Vor einigen Jahren, wie sich jeder erinnert, als der jüngste Weltkrieg noch tobte, richteten Wir, als Wir sahen, daß sich die menschlichen Mittel als unsicher und nicht ausreichend erwiesen, um diesen gewaltigen Brand zu löschen, unsere inbrünstigen Gebete an den barmherzigen Erlöser, indem wir die mächtige Schirmherrschaft des Unbefleckten Herzens Mariens nützten. Und so wie Unser Vorgänger unsterblichen Andenkens Leo XIII. zu Beginn des 20. Jahrhunderts das gesamte Menschengeschlecht dem heiligsten Herzen Jesu weihte, so wollen auch Wir es stellvertretend für die von Ihm erlöste Menschheitsfamilie dem Unbefleckten Herzen der Jungfrau Maria weihen.
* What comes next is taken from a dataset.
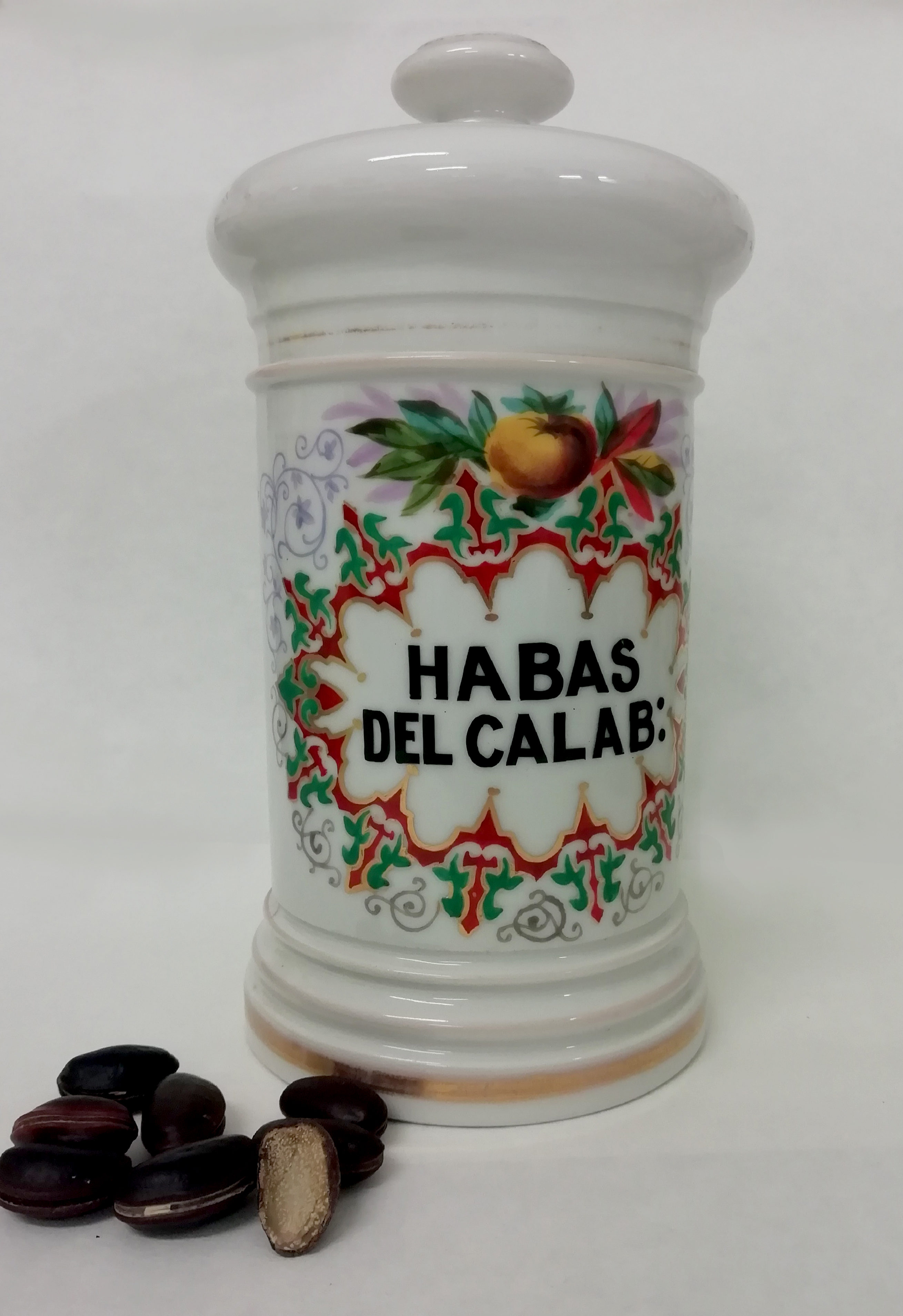 En el caso de estos últimos, la cartela, pintada sobre el propio albarelo, sigue una estructura ovalada en cuyo centro aparece, en negro y en mayúsculas, el nombre de su contenido “HABAS/DEL CALAB” (habas del Calabar o nuez de Eseré); lo rodea una cenefa decorativa de aire arabesco con decoración vegetal esquemática en rojo minio y azul verdoso perfilada en dorado. En los huecos generados por esta orla hacia el exterior, en su mitad inferior, se intercalan una serie de motivos vegetales aislados de trazo muy fino en tono dorado grisáceo y, en los extremos superiores se desarrollan en una mayor estructura de ramas, hojas y flores de color violeta tenue. Centrado sobre la cartela, un motivo vegetal formado por lo que parece ser una naranja con hojas en abanico a ambos lados remata la composición.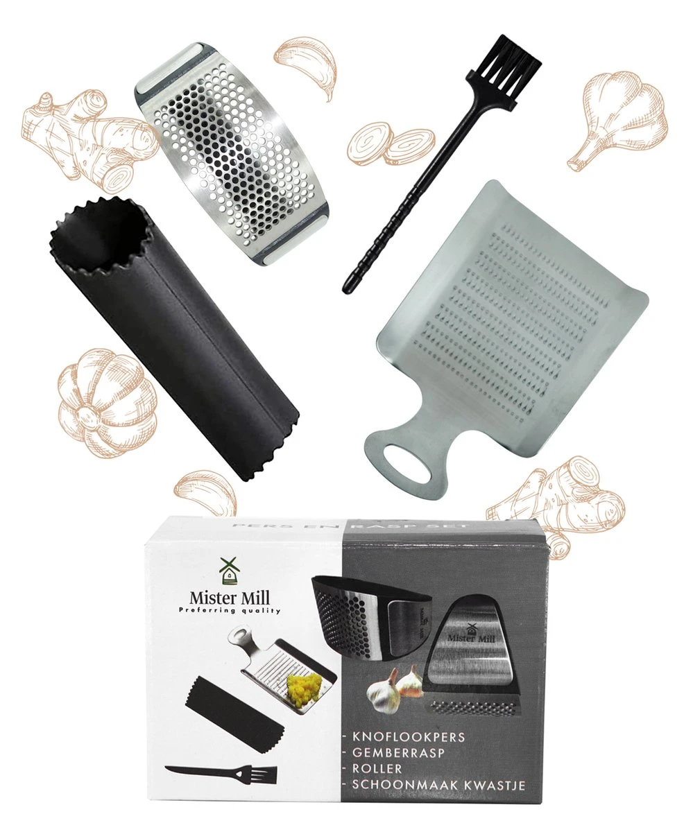 Omdat je niet alleen knoflook in je gerechten wil bereiden heeft Mister Mill deze set zelf samengesteld, in een keer alles in huis om ook andere knolsoorten en groenten te verwerken in jouw selfmade gerechten.

Wir wünschen daher, daß diese Weihe sowohl in den Diözesen als auch in den einzelnen Pfarreien und Familien vorgenommen wird, wenn sich die Gelegenheit dazu bietet; und Wir sind zuversichtlich, daß aus dieser privaten und öffentlichen Weihe reiche Wohltaten und himmlische Gunst erwachsen werden.
In dieser Hoffnung und als Unterpfand Unseres väterlichen Wohlwollens erteilen Wir jedem von euch, Ehrwürdige Brüder, und all denen, die mit bereitwilligem Herzen auf dieses unser Mahnschreiben antworten werden, und besonders den großen und zahlreichen Scharen lieber Kinder, in der Ausgießung unseres Herzens den apostolischen Segen.
Rom, im Petersdom, am 1. Mai 1948, im Jahr X Unseres Pontifikats.
PIUS PP. XII
Gebete im Monat Mai für ein Ende der tragischen Folgen des Krieges und der Ursachen der Zwietracht. An die christliche Welt und an die Herrscher der Völker grundlegende Richtlinien für Frieden in Gerechtigkeit und Nächstenliebe. Der bewaffnete Konflikt geht in Palästina weiter: Gebete, damit auch dort der Frieden zurückkehrt. Ich lade dazu ein, die Weihe an das Unbefleckte Herz Mariens zu erneuern.